The following non-limiting examples support the concept of using pharmaceutically acceptable ASF vaccine compositions for the production of antibodies to be used for the treatment of infected pigs and/or wild boars or for the prevention of infection in pigs and/or wild boars.

Example One

ASFV Liver from infected immune cells ASFV vaccine composition

Fresh spleen was collected from ASFV-infected pigs, and 10 g of spleen was transferred to a Petri dish with a metal mesh. Using a metal mesh, spleen tissue was minced and single cells were collected. Contaminated RBCs were lysed using 0.83% NH ₄ Cl. SMNCs were washed with cold PBS and subjected to two freeze-thaw cycles. The SMNC lysate was centrifuged and the supernatant was collected.

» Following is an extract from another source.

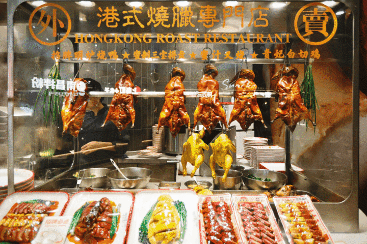 粤兴隆港式烧腊店烧鸭饭里的烧鸭肥而不腻,肉质鲜嫩,外皮香脆,配上卤水可以说是恰到好处,另外再提一句,这家店挂在壁橱玻璃窗里的烤鸭看起来超级诱人,鸭子的外皮烤得油亮酥脆,远远就能闻到香气。
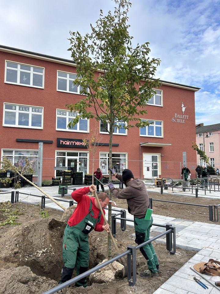 Andererseits werden im zur Breitscheidstraße und der Ladezeile ausgerichteten Bauabschnitt gegenwärtig großkronige Bäume gepflanzt. Silberlinde, Zerreiche, Japanischer Schnurbaum, Baumhasel, Gleditsia, Hopfenbuche und Amberbaum sollen auf dem Bahnhofsvorplatz künftig für eine natürliche Atmosphäre und für schattige Sitzmöglichkeiten sorgen und dem Aufheizen des Platzes entgegenwirken.

Peripheral blood (40 ml) was collected from ASFV-infected pigs, transferred to ethylenediaminetetraacetic acid (EDTA)-treated blood collection tubes, and centrifuged. Buffy coats containing leukocytes or PBMCs were collected. PBMCs were washed with cold PBS and subjected to two freeze-thaw cycles. The PBMC lysate was centrifuged and the supernatant was collected.

Next, alveolar macrophages were collected from healthy uninfected pigs and cultured in serum-free medium ( Fig. 2A ). The next day, PAM was infected with ASFV stock. ASFV-infected PAM were cultured for 7 days. The cytopathic effect on PAM was observed 3 days after ASFV infection ( Figure 2B ), 4 days after ASFV infection ( Figure 2C ), and 7 days after ASFV infection ( Figure 2D ). The entire content of the ASFV-infected PAM culture (approximately 2 x 10 ⁸ cells), including cells and culture medium, was collected and subjected to two freeze-thaw cycles, then centrifuged and the supernatant was collected.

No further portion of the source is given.